→ **EXERCISE BRIEF**: Print the listing below a second time, exactly, and omit its images.

→ **DATASET EXTRACT**:

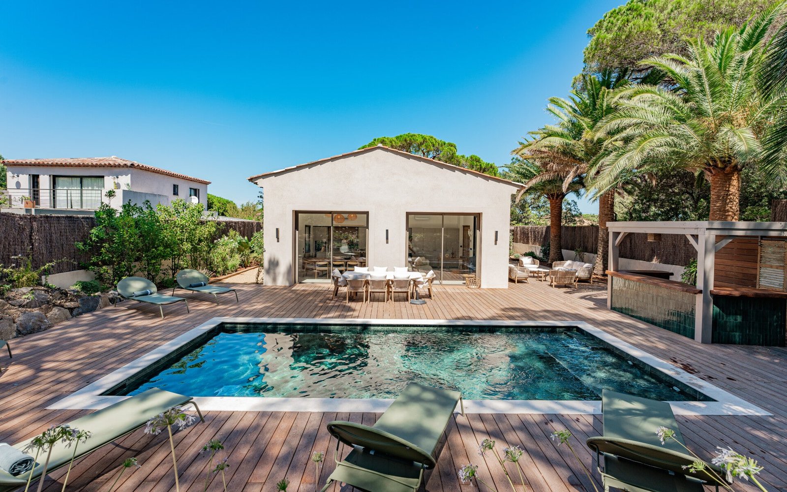 Nestled within the private domain of Parc des Salins, just steps from the beach and 4 km from the heart of Saint-Tropez, Villa Johanna combines an exceptional location with refined comfort. Originally built in the 1970s and fully renovated in 2023, this charming villa seamlessly blends Mediterranean elegance with modern amenities.
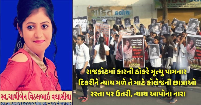 રાજકોટમાં વીરબાઇ મહિલા કોલેજમાં અભ્યાસ કરતી વિદ્યાર્થિની ચાર્મી વિઠલભાઇ વઘાસીયા બે સહેલી સાથે કોલેજ જવા માટે બસસ્ટોપ સુધી ચાલીને જતી હતી ત્યારે પાછળથી ચાર્મી મોદી નામની કાર ચાલકે ઠોકરે લીધી હતી. અકસ્માતમાં ચાર્મી વઘાસિયાનું ઘટનાસ્થળે મોત નીપજ્યું હતું. આજે મોટી સંખ્યામાં વીરબાઇ મહિલા કોલેજની વિદ્યાર્થિનીઓ બેનરો સાથે રસ્તા પર ઉતરી આવી હતી અને ન્યાય આપોના નારા લગાવ્યા હતા. વિદ્યાર્થિનીઓ સાથે મોટી સંખ્યામાં લોકો પણ જોડાયા હતા અને ઇન્દિરા સર્કલે ચક્કાજામ કર્યો હતો.
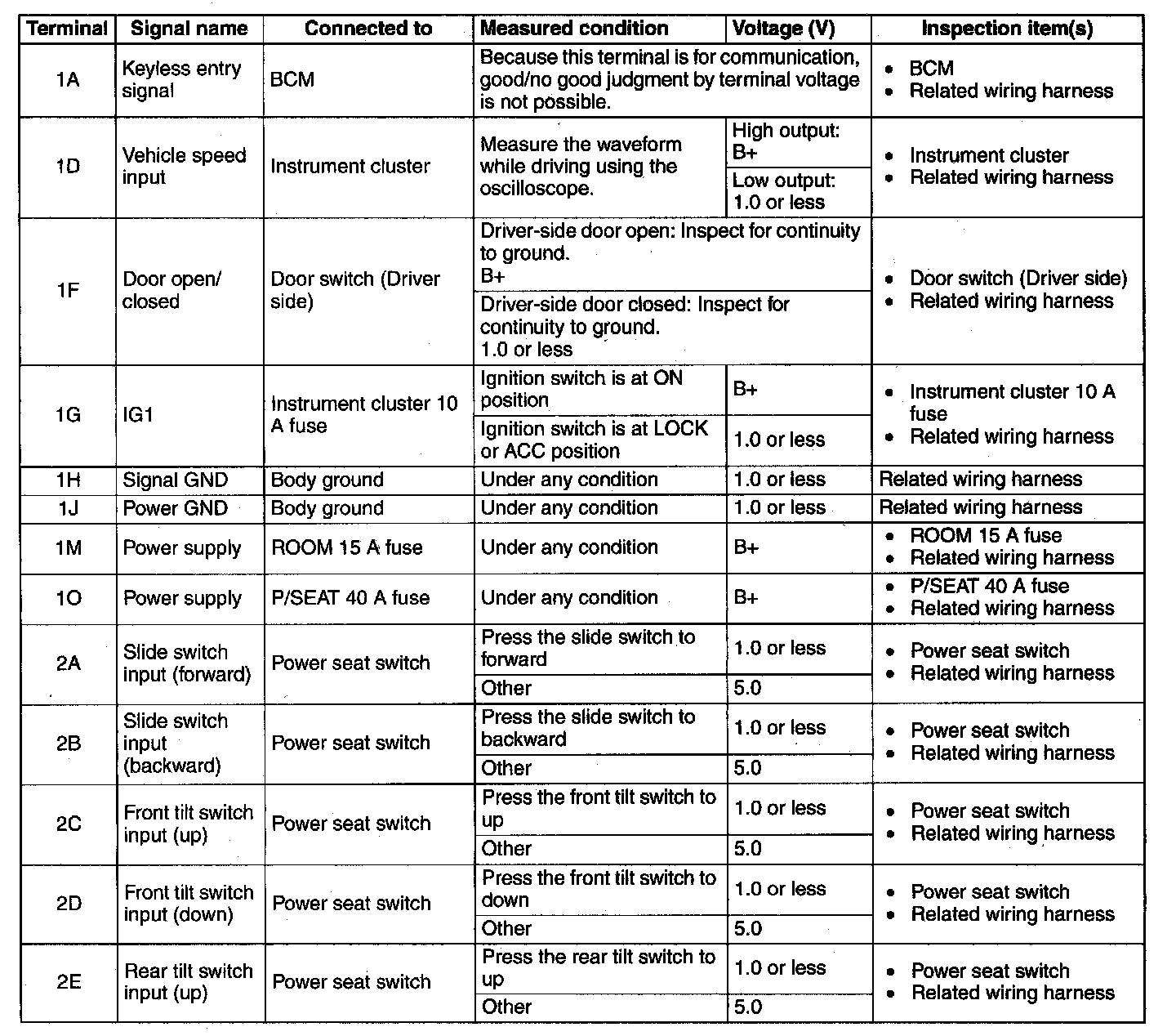 POSITION MEMORY CONTROL MODULE INSPECTION1. Measure the voltage at each terminal is as indicated in the Terminal Voltage Tables.
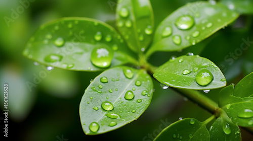 Water drops on green leaves
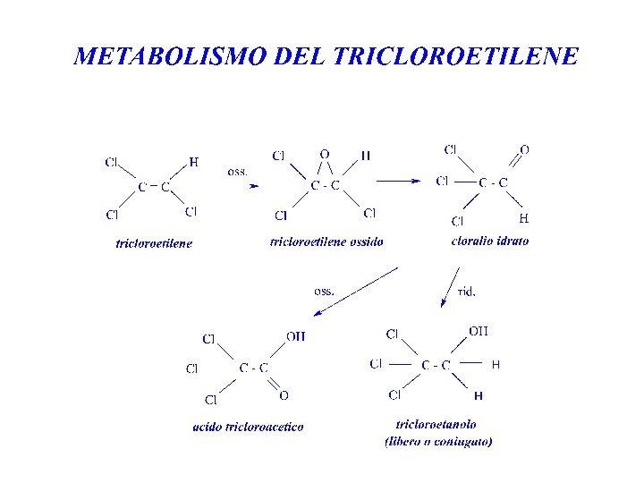 TRICLOROETILENE METABOLISMO Assorbito per via inalatoria viene metabolizzato via cit. P-450 a cloralio idrato e per successiva ossidazione ad acido tricloroacetico e riduzione a tricloroetanolo.
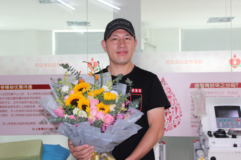 8月11日9时许,无偿献血志愿者蔡云龙再次来到瑞安市血站捐献血小板,此次献血是他在瑞第一百次献血。献血完成后,市血站站长郑昌清为他献上了鲜花,以感谢他的奉献。
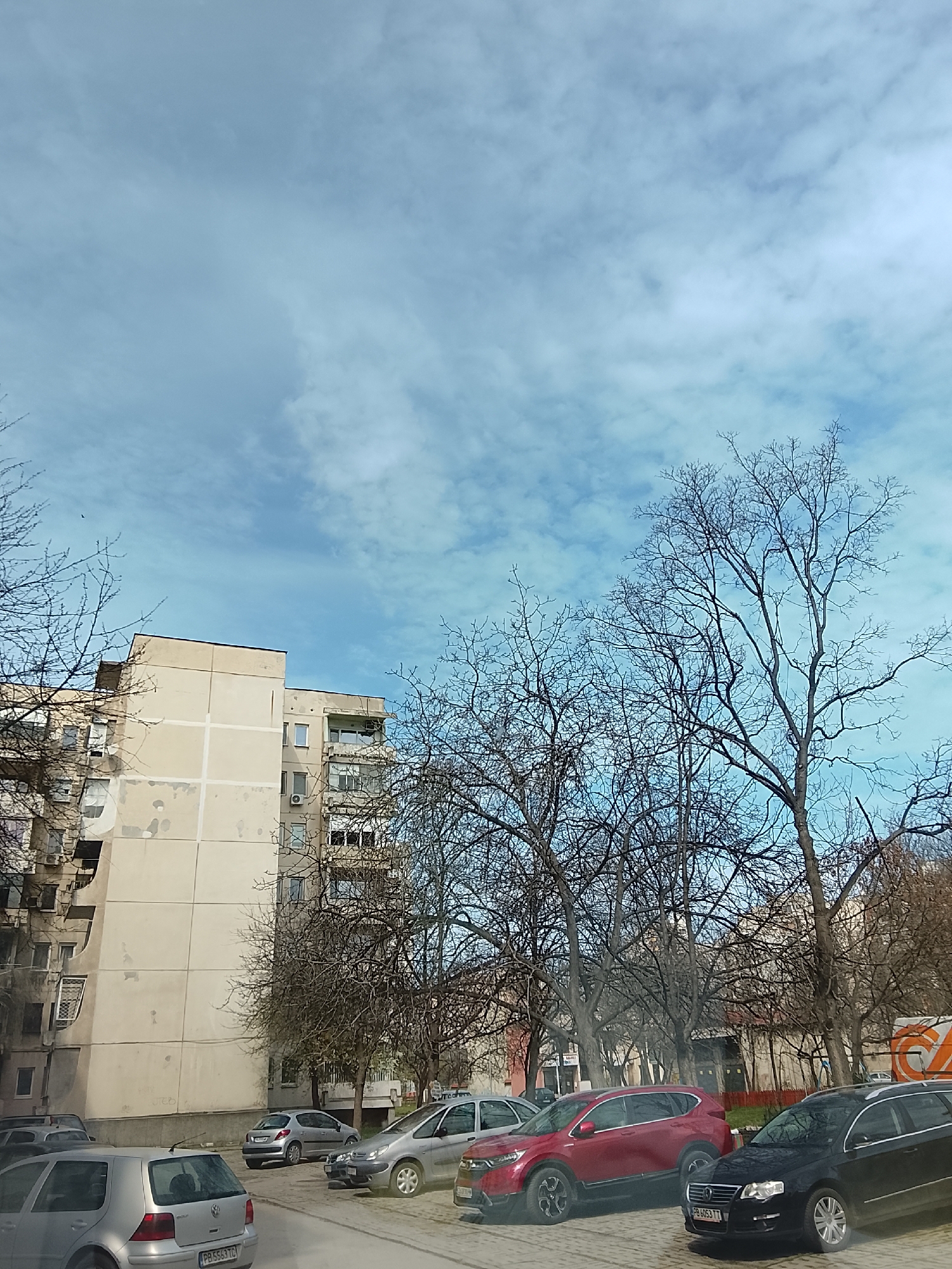 The image captures an urban scene in Plovdiv, Bulgaria, featuring a residential building complex, parked cars, and bare trees. The building on the left is a concrete apartment block with visible signs of aging and wear, marked by discolored patches and vertical lines. Another building extends behind the first. A collection of parked vehicles, including a silver Volkswagen Golf and a red Honda CRV, are visible in the foreground and middle ground. A black Volkswagen Passat is parked directly next to the Honda. The vehicles appear to be parked in a designated parking area along the street. Several bare trees dominate the scene, their branches intertwined, obscuring some of the buildings in the background. The sky is overcast with a mix of light blue and white clouds. The general environment indicates a late autumn or early spring season, given the leafless trees and diffused light. The image lacks any human figures or evident action.

→ **WORKED SOLUTION**:
 Nestled within the private domain of Parc des Salins, just steps from the beach and 4 km from the heart of Saint-Tropez, Villa Johanna combines an exceptional location with refined comfort. Originally built in the 1970s and fully renovated in 2023, this charming villa seamlessly blends Mediterranean elegance with modern amenities.
 રાજકોટમાં વીરબાઇ મહિલા કોલેજમાં અભ્યાસ કરતી વિદ્યાર્થિની ચાર્મી વિઠલભાઇ વઘાસીયા બે સહેલી સાથે કોલેજ જવા માટે બસસ્ટોપ સુધી ચાલીને જતી હતી ત્યારે પાછળથી ચાર્મી મોદી નામની કાર ચાલકે ઠોકરે લીધી હતી. અકસ્માતમાં ચાર્મી વઘાસિયાનું ઘટનાસ્થળે મોત નીપજ્યું હતું. આજે મોટી સંખ્યામાં વીરબાઇ મહિલા કોલેજની વિદ્યાર્થિનીઓ બેનરો સાથે રસ્તા પર ઉતરી આવી હતી અને ન્યાય આપોના નારા લગાવ્યા હતા. વિદ્યાર્થિનીઓ સાથે મોટી સંખ્યામાં લોકો પણ જોડાયા હતા અને ઇન્દિરા સર્કલે ચક્કાજામ કર્યો હતો.
 POSITION MEMORY CONTROL MODULE INSPECTION1. Measure the voltage at each terminal is as indicated in the Terminal Voltage Tables.
 Water drops on green leaves
 TRICLOROETILENE METABOLISMO Assorbito per via inalatoria viene metabolizzato via cit. P-450 a cloralio idrato e per successiva ossidazione ad acido tricloroacetico e riduzione a tricloroetanolo.
 8月11日9时许,无偿献血志愿者蔡云龙再次来到瑞安市血站捐献血小板,此次献血是他在瑞第一百次献血。献血完成后,市血站站长郑昌清为他献上了鲜花,以感谢他的奉献。
 The image captures an urban scene in Plovdiv, Bulgaria, featuring a residential building complex, parked cars, and bare trees. The building on the left is a concrete apartment block with visible signs of aging and wear, marked by discolored patches and vertical lines. Another building extends behind the first. A collection of parked vehicles, including a silver Volkswagen Golf and a red Honda CRV, are visible in the foreground and middle ground. A black Volkswagen Passat is parked directly next to the Honda. The vehicles appear to be parked in a designated parking area along the street. Several bare trees dominate the scene, their branches intertwined, obscuring some of the buildings in the background. The sky is overcast with a mix of light blue and white clouds. The general environment indicates a late autumn or early spring season, given the leafless trees and diffused light. The image lacks any human figures or evident action.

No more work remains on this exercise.